Mereka memanggilku dengan sebutan yang lucu: "Ustadz. Penyematan gelar yang sudah kehilangan pesona dan martabatnya itu kubalas dengan “mengganggu” kantor mereka—ruang kecil berisi laptop dan whiteboard penuh coretan bisnis. Aku datang bukan untuk memberi nasihat, tapi untuk duduk di sudut, menikmati semangat mereka yang masih membara seperti api unggun di tengah hujan. Perusahaan rintisan itu masih goyah, terombang-ambing tantangan dan angka-angka yang kerap tak bersahabat. Tapi di antara debat tentang strategi pemasaran dan laporan keuangan, mereka tetap riang—seperti dua anak kecil yang bermain perang-perangan, yakin benteng kardis mereka tak akan runtuh. 

“Kantor” mereka telah menjadi pelabuhan bagiku. Di sana, aku bukan lagi lelaki yang kerap dianggap “tua tak berguna”, melainkan pendengar setia, saksi bisu kegigihan dua jiwa yang berani menantang gelombang. Kadang, saat mereka sibuk menelepon klien atau menghitung modal, mataku tak sengaja berkaca-kaca: Inikah rasanya dikaruniai anak-anak muda yang memilih menghormati bukan karena kewajiban, tapi karena ketulusan?

Mereka tak hanya membangun bisnis. Di balik spreadsheet dan proposal, ada tekad untuk menciptakan lapangan kerja bagi teman-teman sekomunitas—orang-orang beriman yang kerap diusir dari pekerjaan hanya keyakinannya yang disesatkan atau karena menolak menunduk pada korupsi. “Ini bukan sekadar perusahaan, Pak. Ini balas dendam kami pada sistem yang menghina keyakinan,” kata salah satunya suatu sore, sambil tersenyum getir. 

Kini, doaku setiap malam lebih panjang dari biasanya:  "Ya Allah, berkatilah usaha mereka. Jadikan tangan-tangan kecil ini jembatan bagi yang terpinggirkan. Buka pintu rezeki mereka seluas langit-Mu, agar setiap rupiah yang mereka hasilkan menjadi air yang menghidupi tanah-tandus keadilan.”

Aku tahu, jalan mereka masih terjal juga berliku-liku. Tapi dalam keramahan mereka yang memaksaku menerima kopi gratis, dalam tawa mereka yang tak pernah peduli usia, kau melihat benih-benih mukjizat. Mereka mengingatkanku pada ayat:  "Dan tolong-menolonglah kamu dalam kebaikan dan ketakwaan.”(QS. Al-Māidah [5]: 2). 

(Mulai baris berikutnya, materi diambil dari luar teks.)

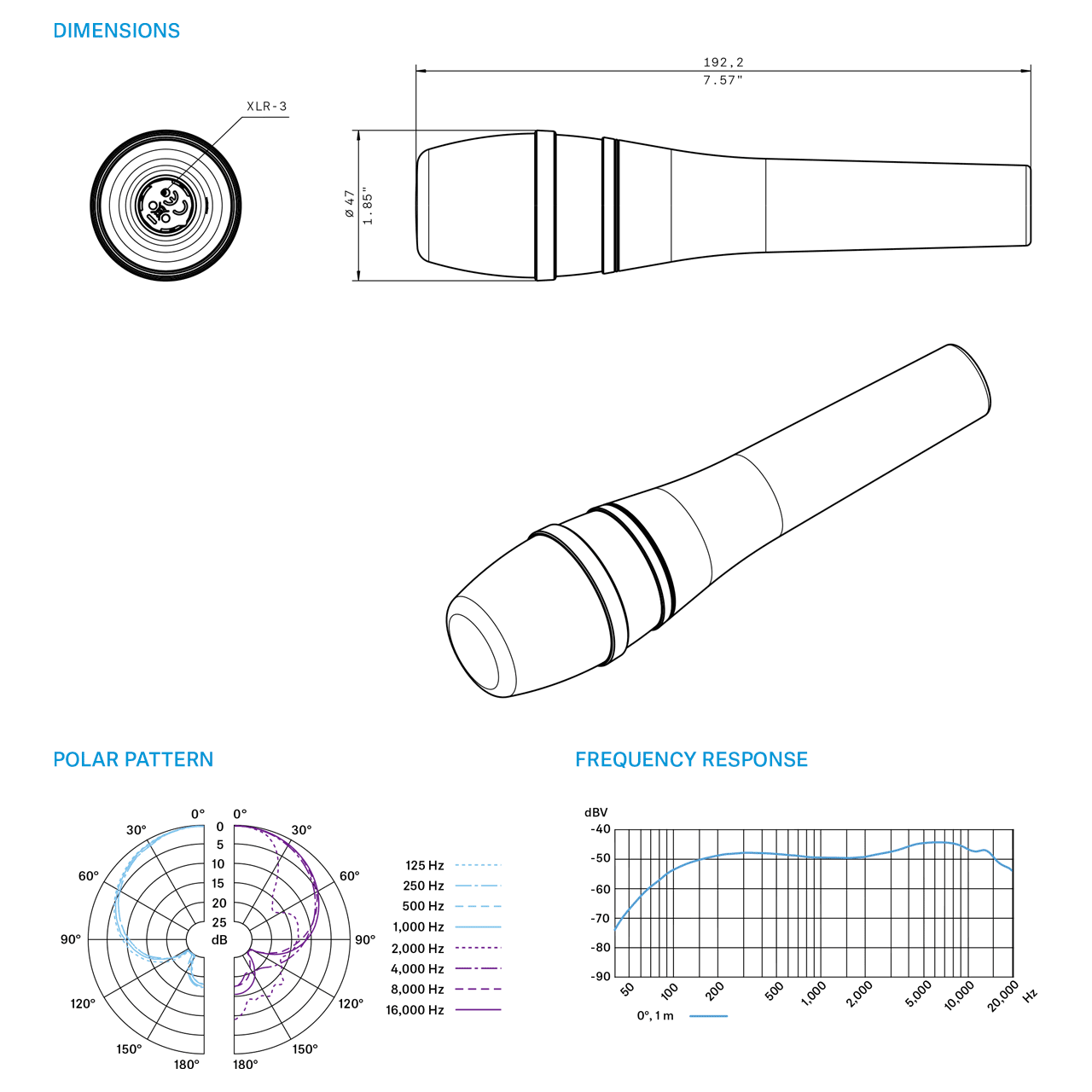 THÔNG SỐ KỸ THUẬT: Loại Mic: Dynamic - Hướng Thu: Supercardioid - Đáp ứng tần số: 40 Hz - 16 kHz - Công tắc: Bật/Tắt - Kết nối: XLR-3 - Trở Kháng: 350 Ω -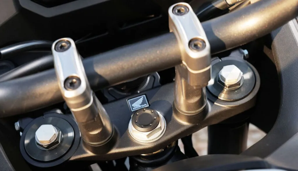 O canote é de alumínio forjado para maior resistência, e o braço oscilante, que é de alumínio em vez de aço, tem as mesmas peças fundidas da Africa Twin. A direção atinge um raio de virada de apenas 2,6 m ao rodar o guidão 42°.

Bahkan sebagai “Ustadz blue Jeans”, aku kini punya peran baru: menjadi saksi bahwa kebaikan tak pernah mati—ia hanya perlu ditemukan dalam bentuk yang tak terduga. Di sudut hati, aku yakin: inilah keluarga yang Allah simpan untukku di babak akhir hidup—keluarga yang tak terikat darah, tapi oleh iman, cita-cita, dan secangkir kopi yang selalu mereka seduhkan dengan tangan penuh hormat. 

Semoga Allah menaungi langkah mereka dengan rahmat-Nya. Menjadikan usaha kecil ini mercusuar bagi yang tersesat, dan mencatat setiap keringat mereka sebagai amal yang tak putus mengalir, hingga kelak di surga—tempat di mana tak ada lagi diskriminasi, hanya tawa yang menyatu dengan gemericik sungai kebaikan.